AIM: To shed light on the possible role of mismatch repair gene Mlh3 in familial esophageal cancer (FEC).

METHODS: A total of 66 members from 10 families suggestive of a genetic predisposition to hereditary esophageal cancer were screened for germline mutations in Mlh3 with denaturing high performance liquid chromatography (DHPLC), a newly developed method of comparative sequencing based on heteroduplex detection. For all samples exhibiting abnormal DHPLC profiles, sequence changes were evaluated by cycle sequencing. For any mutation in family members, we conducted a segregation study to compare its prevalence in sporadic esophageal cancer patients and normal controls.

RESULTS: Exons of Mlh3 in all samples were successfully examined. Overall, 4 missense mutations and 3 polymorphisms were identified in 4 families. Mlh3 missense mutations in families 9 and 10 might be pathogenic, but had a reduced penetrance. While in families 1 and 7, there was no sufficient evidence supporting the monogenic explanations of esophageal cancers in families. The mutations were found in 33% of high-risk families and 50% of low-risk families.

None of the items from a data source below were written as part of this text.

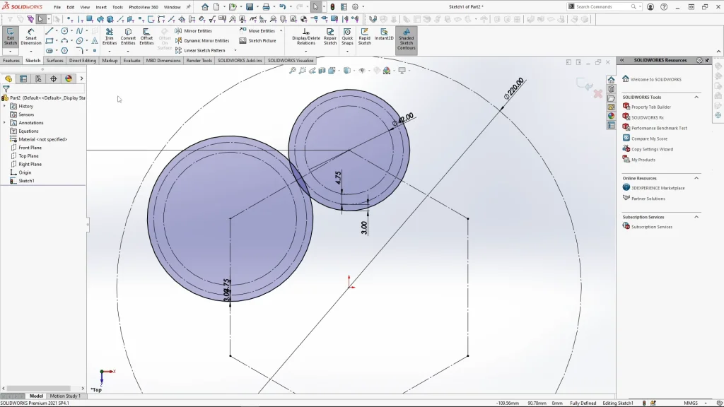 I began with a new part and sketched a guide circle which represents the overall size of my toy base part, and also a hexagon to help place the cogs into the right place at the same distances apart. I could then use the points of the hexagon to create the guides for my two cogs. There is an inner circle for the inner diameter of the cog, this is where the teeth would end. A middle circle for the cross/intersection point of the cog teeth and then the outer circle for the overall cog size. The ratio difference between my cogs is 1:1.36, this can change but the teeth ratio may not match up unless it is also 1:1.3 teeth.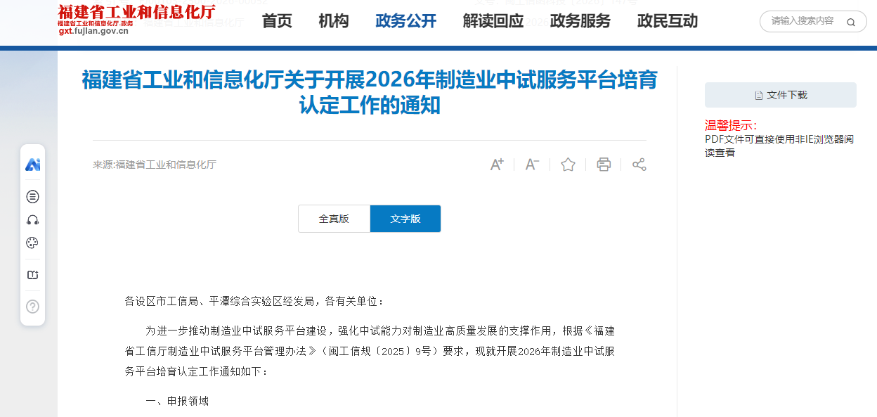 为进一步推动制造业中试服务平台建设,强化中试能力对制造业高质量发展的支撑作用,根据《福建省工信厅制造业中试服务平台管理办法》要求,福建省工业和信息化厅现开展2026年制造业中试服务平台培育认定工作。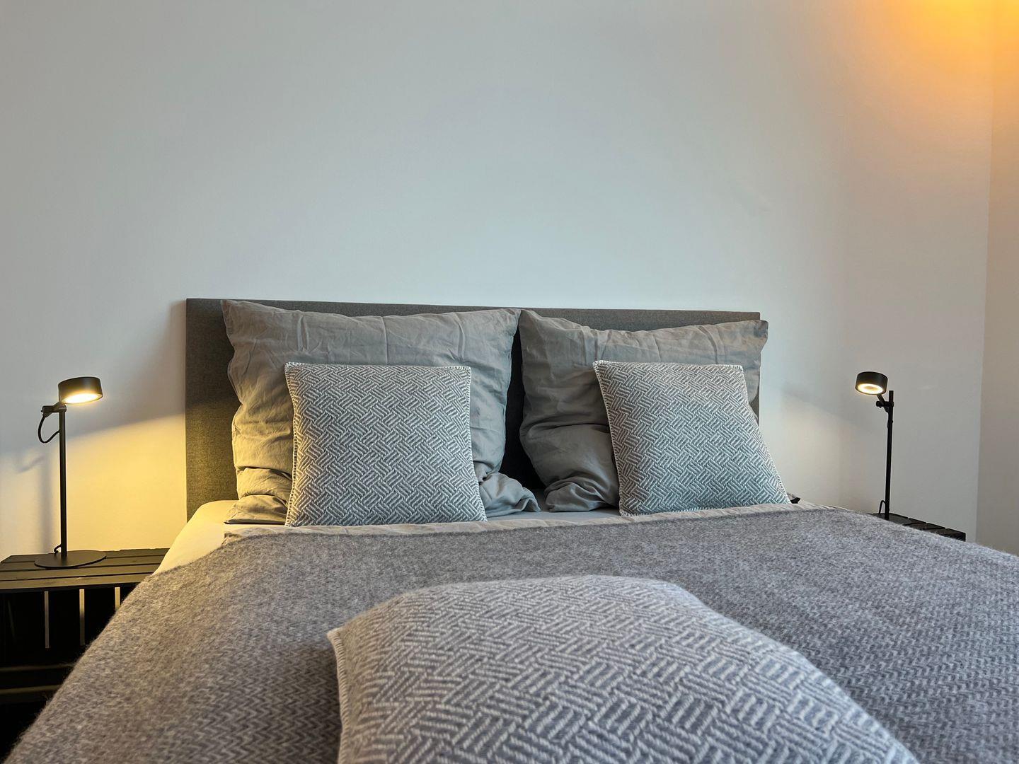 Du schläfst im separaten Schlafzimmer in einem hochwertigen Boxspring-Bett (160 cm x 200 cm), für das wir dir die Bettwäsche zur Verfügung stellen. Für einen ausgeruhten Schlaf hast du außerdem die Möglichkeit, die Fenster mit Plissees zu verdunkeln. Zudem bieten eine Kleiderstange und weitere Ablagemöglichkeiten Platz für dein Reisegepäck.

CONCLUSION: Mlh3 is a high risk gene with a reduced penetrance in some families. However, it acts as a low risk gene for esophageal cancer in most families. Mutations of Mlh3 may work together with other genes in an accumulated manner and result in an increased risk of esophageal tumor. DHPLC is a robust and sensitive technique for screening gene mutations.

Key Words: Mlh3; DNA mismatch repair; Familial esophageal cancer; Mutation screening; Denaturing high performance liquid chromatography



INTRODUCTION

Esophageal carcinoma (EC) is one of the most common malignant tumors in China[1,2]. Although various therapeutic strategies have been improved in recent years, the 5-year survival remains poor, therefore, early diagnosis and treatment of EC are still urgently needed[3,4].

Current studies showed that multiple factors and steps contribute to its tumorigenesis, however the definite mechanisms remain to be determined yet[5,6]. While in cancer families, genetic predisposition may play a more important role in carcinogenesis than other factors[7]. Genetic susceptibility can be identified by detecting germ-line mutation of certain genes from peripheral blood.

Denaturing high performance liquid chromatography (DHPLC) is a newly developed technique suitable for the detection of heteroduplex mutations. DHPLC has the advantages of being highly automated, sensitive, and could be used for screening of gene mutations on a large scale[8].

Great attention has been paid to mismatch repair (MMR) genes due to their association with hereditary non-polyposis colorectal cancer (HNPCC)[9]. Mlh3 gene was first identified in 2000, which is a putative MMR gene normally expressed in multiple epithelia. It is located on 14q24.3 with a coding length of 4.3 kb, and is composed of 12 exons, of which exon 1 is 3.3 kb, accounting for 75%[10]. Some investigations showed that it might play a certain role in the tumorigenesis of colorectal cancer[11-14]. However, some studies indicate that there is no strong association between currently known Mlh3 variants and colorectal cancer predisposition risk[15,16]. A recent study on familial gastric cancer showed that Mlh3 can act as a low risk gene[17].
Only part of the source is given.